There is a lot of buzz in the industrial world today claiming that we’ve entered into a new era of industrial revolution, the fourth to be exact. The primary motivators behind these discussions has been the increased involvement of internet within the industry, but before we can truly declare a paradigm shift, we must understand each individual revolution.
- The First Industrial Revolution is related to the 18th century mechanized manufacturing that swept Europe, starting from Britain.
- The Second began when electricity started taking over mechanical processes and dominated mass production
- The third was highlighted by the use of electronics, robotics and IT to increase productivity in industrial and commercial centers.
- Now, while the fourth hasn’t completely taken over, it is operating in a mixed state. It involves the use of Data, AI and Predictive Analysis to boost efficiency of existing processes, and reduce dependency on manual labor. Smart Manufacturing enters at this very stage, and puts machines into the business of real-time decision making.
Data Tells Us What to Do
Smart Manufacturing relies heavily on automated processes. It involves the use of data to control processes, and carrying out activities in advance depending on the trend. So, while the smartest person in the room would still be a human, the machine would definitely assist in maximizing profits.
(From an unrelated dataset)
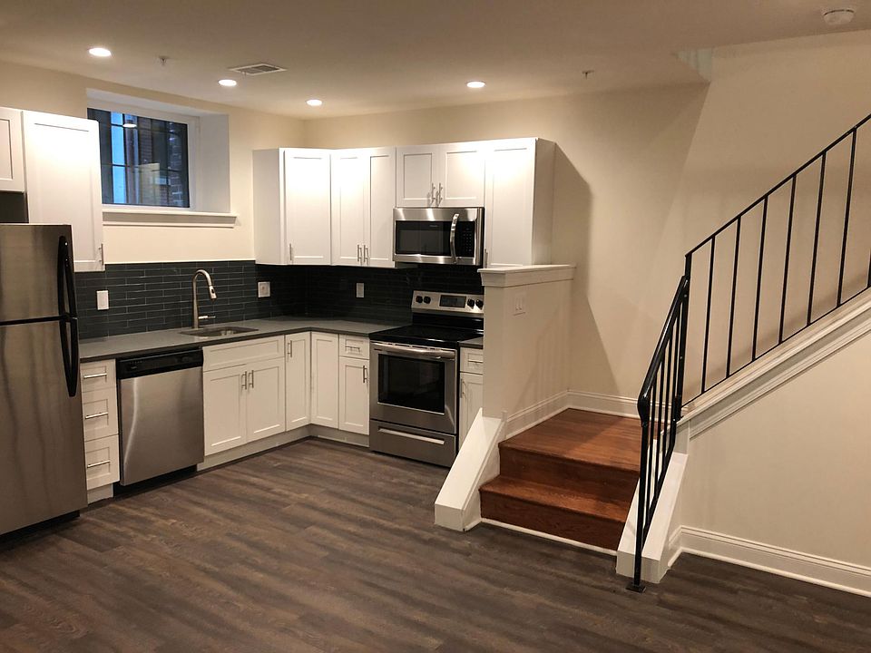 New Construction located in the heart of Rittenhouse . This one bedroom 1.5 Bath bi-level apartment is decked out with modern finishes in a beautiful historic building 2 blocks from Rittenhouse Square. New wood floor throughout, beautiful kitchen with stainless steel full size appliances, gray quartz counter tops over white cabinetry with tile back splash. The bathroom is outfitted with frame-less glass door and white subway tile with glass accents, spacious vanities and med cabinets. The unit has central heating and air, in unit washer dryer , full size hot water heater, and intercom system, and large entrance/ foyer, walk in closet, bulk storage. The entrance to the building has a grand fire place and lots of refurbished stained class and beautiful woodwork. **also have a standard one bedroom in this building for $1675.00 Utilities are not included. First last and security deposit.

For instance, if we talk about aircraft engines. Conventionally, the approach followed for their maintenance would be:
- Analyze the frequency of failure and schedule activities in advance
- Wait for it to fail before carrying out maintenance activities
- Fix it intermittently
Now, the landscape has changed completely. Sensors provide us with accurate data, which can then be analyzed to predict when maintenance would be most economical.
The Industrial Internet of Things
When IoT technology is applied to Industrial processes, it simply becomes Industrial Internet of Things. IIoT integrates major technological advancements, such as Big Data and Machine Learning, and makes use of them to increase productivity and effectiveness. One major idea that has greatly helped IIoT to make headway in the industrial world is the ability of smart machines to capture, analyze and communicate data.
Furthermore, the decreasing costs of technology is allowing more companies to shift from conventional workflows to modern ones, which are more efficient, reliable and connected.
One last thing; it isn’t absolutely necessary to operate a Smart Manufacturing workflow with an internet connection. Smart Manufacturing is about ensuring the data collected from your assets is used so that its impacts spread over the plant floor, so as long as the effect is rippled, the need for internet isn’t mandatory.